Тем не менее она упорно стояла на своем, и, почувствовав, что добиться ее согласия не удастся, супруга Дадзай‑но дайни вынуждена была отступить.

– Что ж, отпустите хотя бы Дзидзю, – сказала она, спеша уехать, пока не стемнело, и Дзидзю, не в силах превозмочь волнения, залилась слезами.

– Раз она так настаивает, я поеду хотя бы для того, чтобы проводить ее. Нельзя не признать справедливости ее слов, но и ваше нежелание ехать мне тоже понятно. Право, мое положение более чем затруднительно, – тихонько сказала Дзидзю своей госпоже.

Нетрудно представить себе, как горько и обидно было дочери принца!

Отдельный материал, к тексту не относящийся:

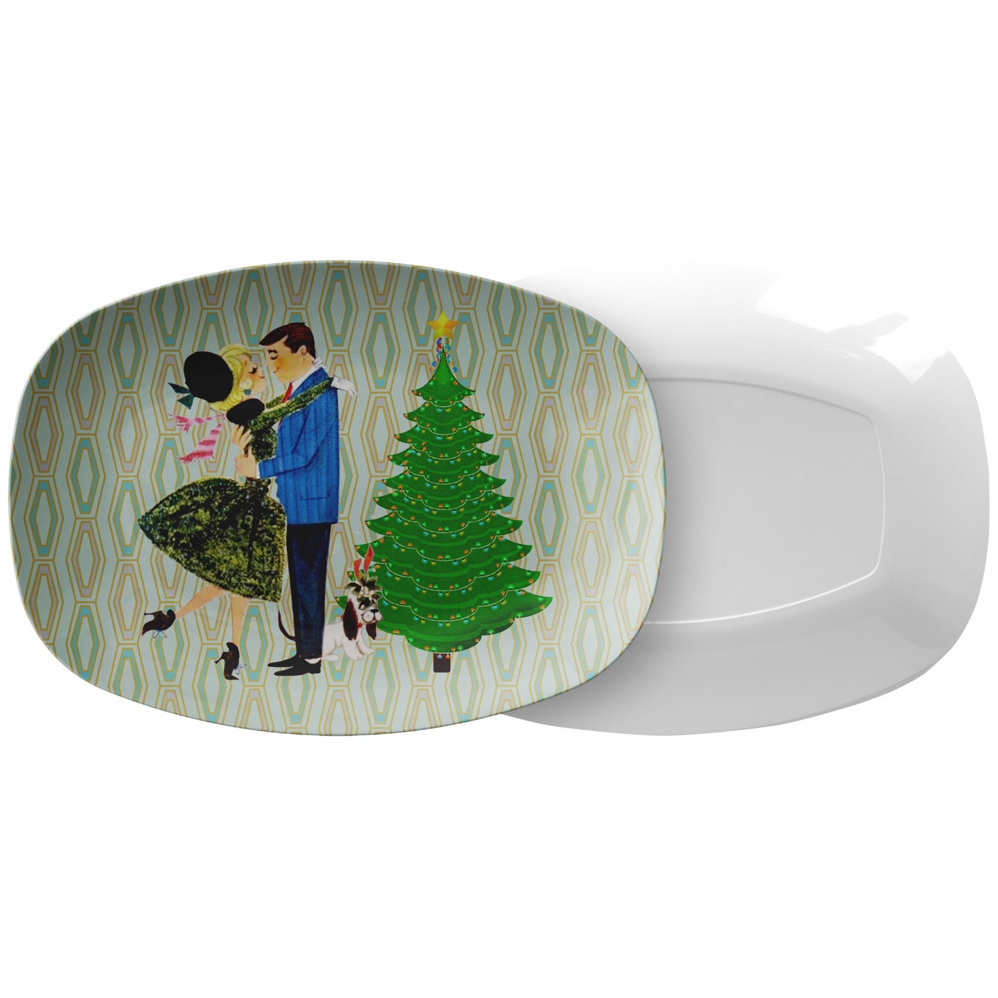 Retro 1950er Kitsch Weihnachtspärchen Platte, Mid Century Modern Weihnachts Serviertablett, MCM Atomic Weihnachtsdekor
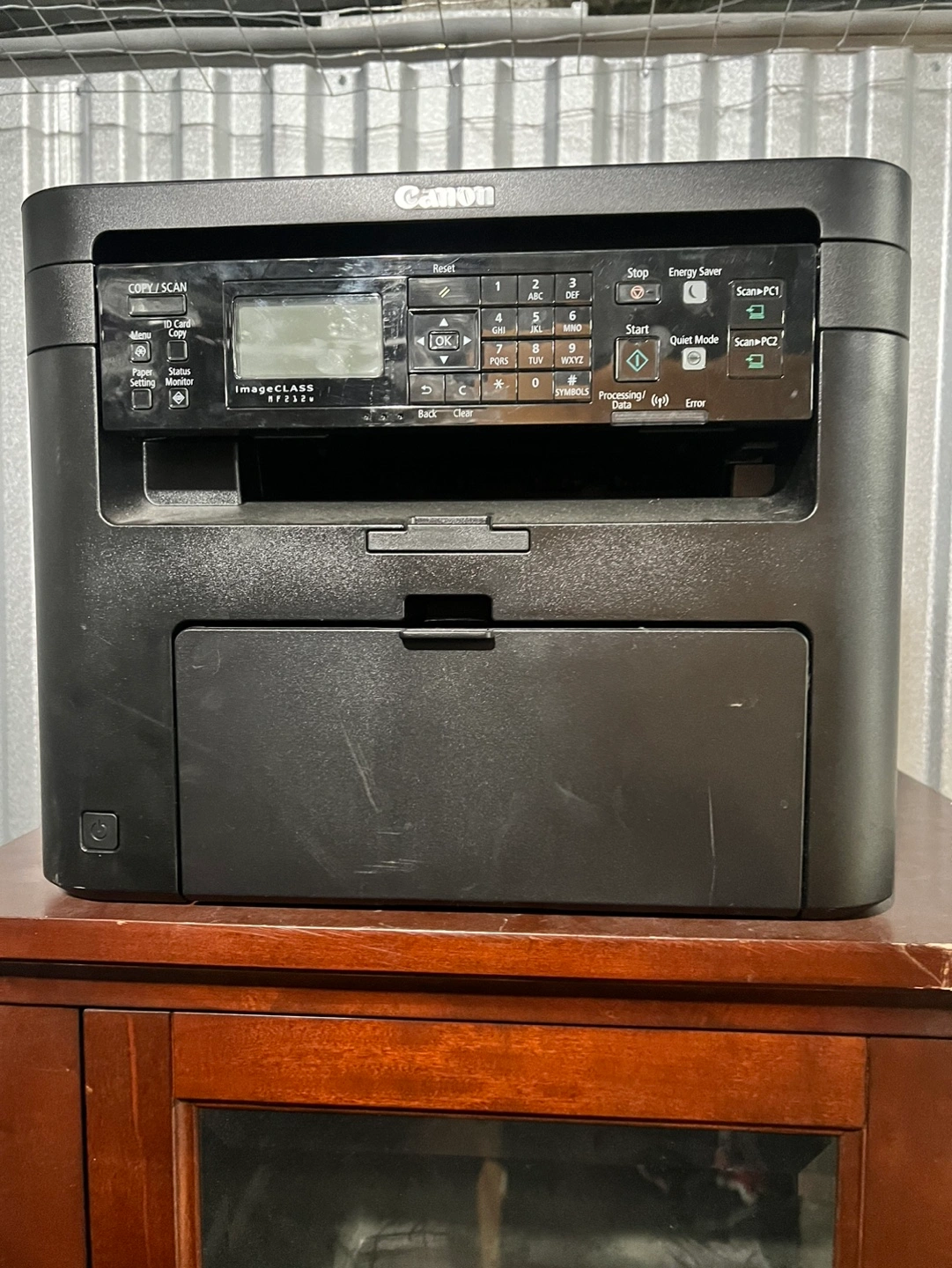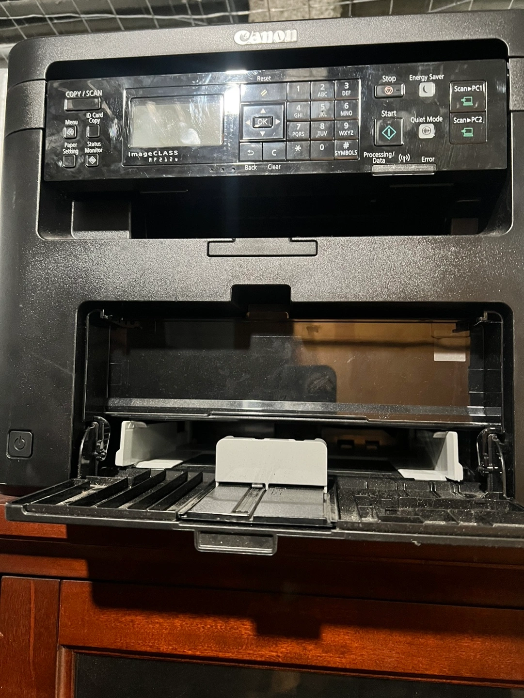 Black multifunction printer. Copy, scan, and print functions. Includes a control panel with LCD screen and number pad. Paper tray and scanner lid open and close smoothly.

В самом деле, могла ли она предугадать, что даже Дзидзю... Впрочем, удерживать ее она не стала, только все плакала и плакала не переставая.

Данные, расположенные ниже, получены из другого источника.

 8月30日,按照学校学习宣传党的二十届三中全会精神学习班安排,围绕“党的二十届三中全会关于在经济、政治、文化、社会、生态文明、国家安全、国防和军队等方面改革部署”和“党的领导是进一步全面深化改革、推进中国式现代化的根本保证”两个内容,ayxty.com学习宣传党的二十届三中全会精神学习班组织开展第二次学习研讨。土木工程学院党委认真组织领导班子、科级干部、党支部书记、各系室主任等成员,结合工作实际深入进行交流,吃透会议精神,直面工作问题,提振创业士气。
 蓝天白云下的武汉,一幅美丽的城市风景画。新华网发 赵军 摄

На память о вместе проведенных годах следовало бы подарить Дзидзю одно из своих платьев, но все они оказались слишком изношенными, других же вещей, приличествующих случаю, у дочери принца не нашлось, и в конце концов она решила подарить ей сделанную из собственных выпавших за последнее время волос прекрасную накладку длиной более девяти сяку. Накладку она положила в шкатулку, присовокупив к ней горшочек с тончайшими старинными благовониями.

 

Мне казалось всегда:

Неразрывно со мною связаны

Драгоценные пряди.

Но, увы, и они теперь

Готовы меня покинуть.

 

А я‑то надеялась, что, несмотря на мою ничтожность, ты останешься со мною до конца, как того хотела твоя покойная матушка. Что ж, может быть, ты и права. Но подумала ли ты о том, кто будет обо мне теперь заботиться? Как все это обидно, право... – И дочь принца снова зарыдала.

Дзидзю ответила не сразу:

– Ах, что говорить теперь о завете матушки! Долгие годы мы прожили вместе, разделяя друг с другом горести этого мира, и вот меня влекут в чужие, дальние земли...

 

Драгоценные пряди,

Расставшись с тобою, твоими

Навеки останутся.

Будьте клятве моей свидетелями,

Боги‑хранители путников.

 

Только кто может знать, что нас ждет впереди?

– Да где же она? Уже совсем стемнело... – ворчала между тем супруга Дадзай‑но дайни, и Дзидзю, с неспокойным сердцем сев в карету, долго еще оглядывалась.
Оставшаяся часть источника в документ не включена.